The Best Ways To Start Financially Preparing for 2023

The end of the year is all about festivities. However, before you get caught up in the holiday mood, it is vital to carve out some time and prepare for the coming year. The New Year is an excellent time to start planning for your financial needs for the future. It can offer you a fresh start and perspective. It is also an excellent time to plan your tax liabilities and look for ways to minimize them. Additionally, you may need to check if your retirement contributions are on track or not and accordingly make changes.

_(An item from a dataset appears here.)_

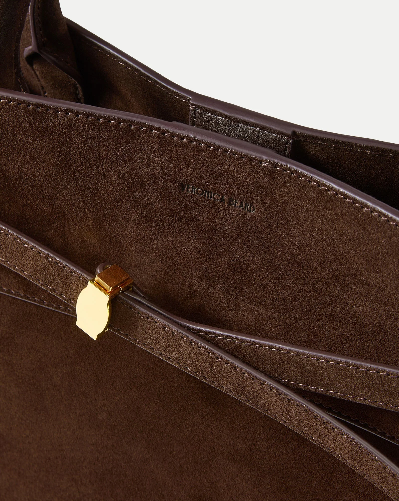 A roomier take on the original, the aptly named Dash is your go-anywhere bagâdesigned to keep up from work to weekends. Crafted from butter-soft Italian suede in dark brown, it features an adjustable belted strap, a structured top handle, and a removable shoulder strap for maximum versatility. An interior zip pocket and magnetic closure add everyday ease.

The year 2023 can be particularly challenging as the economy heads towards a recession. The global economy has been in flux since the war between Ukraine and Russia. Therefore, you would also need to concentrate on how to prepare financially for a recession. Inflation has also hit record highs this year, posing a great challenge for most income groups. You would have to make sure to be financially prepared amidst all of this chaos and the challenges that are expected to appear in the near future. If you need guidance on how to prepare your finances for 2023 and tackle recession at the same time, consider consulting with a professional financial advisor who can advise you on the same.
Here are some tips that can help you understand how to prepare financially for 2023 so you are able to start the year on a good note.
What are different ways you can prepare financially for 2023?
1. Start preparing for your tax return
Tax is one of the most significant issues that you need to plan for. Tax constitutes a major part of your expenses. However, you can reduce it considerably by planning well. To start with, make sure you understand the various new tax slabs for the coming year.
Here are the latest tax rates and slabs as announced by the Internal Revenue Services (IRS) for 2023:
Tax brackets for single filers | Tax rate |
$11,000 or less | 10% |
$11,001 to $44,725 | 12% |
$44,726 to $95,375 | 22% |
$95,376 to $182,100 | 24% |
$182,101 to $231,250 | 32% |
$231,251 to $578,125 | 35% |
Over $578,126 | 37% |
Tax brackets for married filing jointly | Tax rate |
$22,000 or less | 10% |
$22,001 to $89,450 | 12% |
$89,451 to $190,750 | 22% |
$190,751 to $364,200 | 24% |
$364,201 to $462,500 | 32% |
$462,501 to $693,750 | 35% |
Over $693,751 | 37% |
Tax brackets for married filing separately | Tax rate |
$11,000 or less | 10% |
$11,001 to $44,725 | 12% |
$44,726 to $95,375 | 22% |
$95,376 to $182,100 | 24% |
$182,101 to $231,250 | 32% |
$231,251 to $346,875 | 35% |
Over $346,875 | 37% |
Tax brackets for heads of households | Tax rate |
$0 to $15,700 | 10% |
$15,700 to $59,850 | 12% |
$59,850 to $95,350 | 22% |
$95,350 to $182,100 | 24% |
$182,100 to $231,250 | 32% |
$231,250 to $578,100 | 35% |
Over $578,100 | 37% |
In addition to this, the standard deduction for 2023 has been revised too. Here’s the table for it:
Filing status | Exemption amount |
Single taxpayers | $13,850 |
Married taxpayers filing jointly | $27,700 |
Married taxpayers filing separately | $13,850 |
Head of household taxpayers | $20,800 |
Make sure to go through these tables and accordingly decide the tax filing status you wish to choose.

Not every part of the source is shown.